Patient consulting with physician. | Image Credit: Chinnapong - stock.adobe.com

Patient consulting with physician. | Image Credit: Chinnapong - stock.adobe.com

Although a minor association was found between prolactin levels and risk of developing estrogen receptor (ER)-positive or ER-negative breast cancers, use of selective serotonin reuptake inhibitors (SSRIs) were not associated with breast cancer risk, according to a recent study.

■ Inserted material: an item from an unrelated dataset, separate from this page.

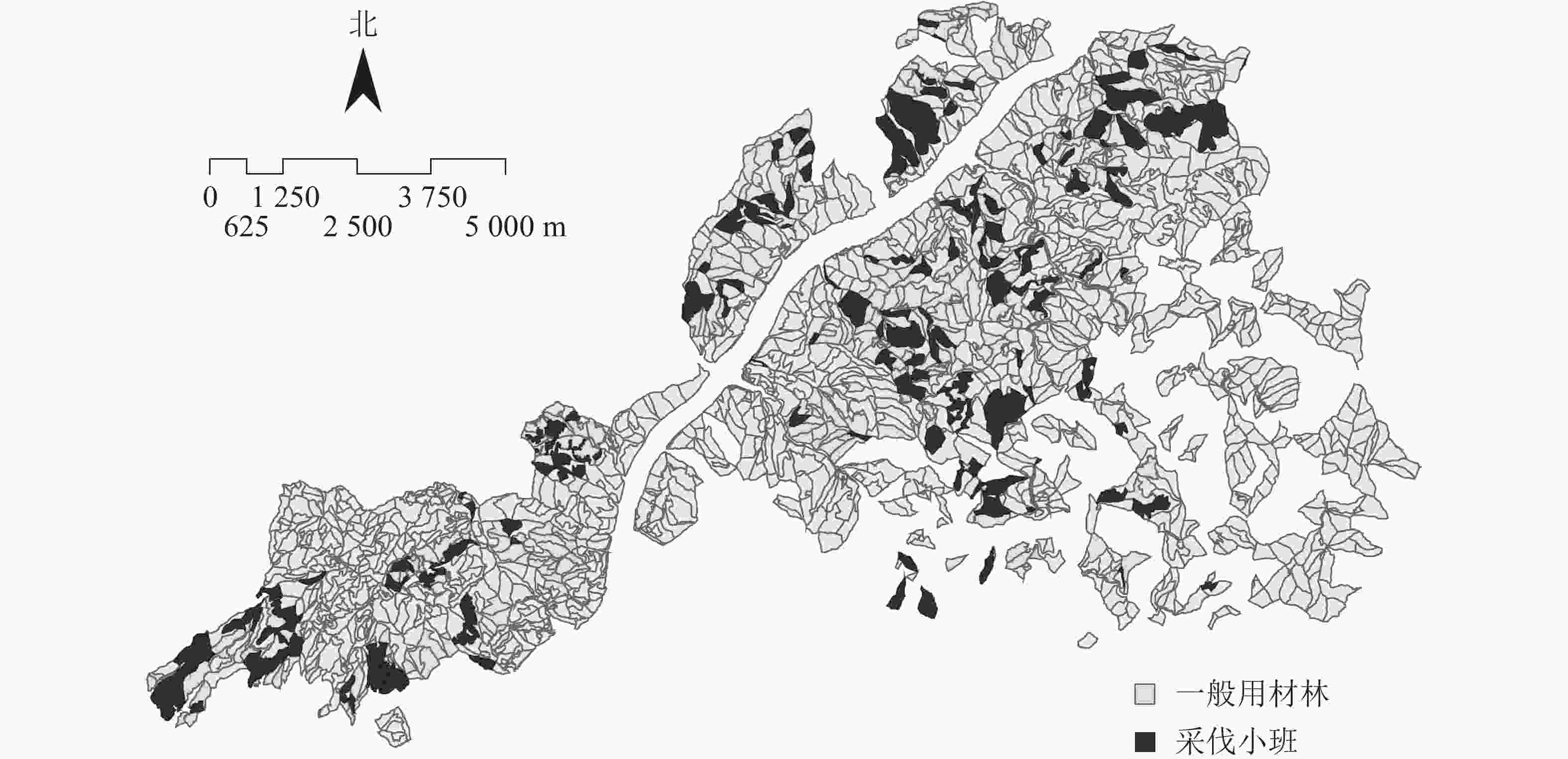 年伐量的计算是森林经理的一项重要工作,也是森林经营方案编制的重要内容[1]。科学合理的森林年伐量对于优化森林结构、提高森林质量,最终实现森林可持续经营具有重要意义。年伐量计算的传统方法包括面积轮伐法、成熟度法、第1林龄公式、平均生长量法等[2],只有立地均匀且林分组成接近法正林时,计算结果才比较客观可靠[3]。而现实中,森林在长期经营过程中,受到人为干预和自然更新等多方面因素,龄组结构往往是不均匀的,此时利用传统方法计算年伐量,结果往往差异较大,需要借助主观分析,选择较为合适的结果。公式法受制于森林复杂的龄组结构,易忽视林分的生长和演化,计算结果不够客观,主观性较强。FSOS采用模拟退火算法安排森林经营作业,通过参数协调控制多项资源,充分考虑森林复杂的环境和林分生长,实现森林多目标长期可持续经营。该模型能使森林生态系统各功能在最自然的状态下实现最佳目标,近期和长远利益相结合,充分发挥森林的生态、经济和社会效益,并且已应用于加拿大不列颠哥伦比亚省和中国长白山地区,取得良好成效[4]。在计算采伐量时,该模型能充分考虑森林的龄组结构、树种组成和林分生长演化规律,通过模拟退火算法寻找最优解,计算结果不受主观影响,准确可靠。本研究以浙江省杭州市建德市林业总场为研究对象,基于森林模拟优化模型(forest simulation and optimization system,FSOS),进行用材林主伐方案的合理年伐量测算研究,以期利用计算机模型解决传统方法的弊端。

Researchers applied a 2 sample Mendelian randomization (MR) study that focused on genetic variants assigned randomly at conception. Patients with depression are usually prescribed SSRIs as first line treatment because they increase synaptic 5-hydroxytryptamine (5-HT) concentrations that in turn elevate prolactin concentrations, often related to the proliferation and differentiation of breast cancer cells.

The study used MR analysis with genetic data to investigate the link between antidepressants, specifically SSRIs, and breast cancer risk, as well as the role of prolactin levels. They confirmed associations using statistical methods like inverse variance weighted (IVW) and MR-Egger regression, while also testing for potential biases like heterogeneity and pleiotropy. The analysis satisfied MR's 3 conditions, ensuring reliable results regarding the effects of antidepressants and prolactin levels on breast cancer risk. Single-nucleotide polymorphisms were screened from the GWAS database.

Potential links between increased breast cancer risk and prolactin levels triggered by a rise in 5-HT levels were investigated. Researchers examined this hypothesis by analyzing the relationships between these factors. They specifically focused on single-nucleotide polymorphisms (SNPs) known to influence 5-HT, prolactin, and breast cancer risk. These SNPs were used as instrumental variables to assess the causal effect of prolactin on breast cancer. Additionally, the research explored the established connection between prolactin levels and the use of SSRIs to solidify the potential link in the SSRI-prolactin-breast cancer hypothesis.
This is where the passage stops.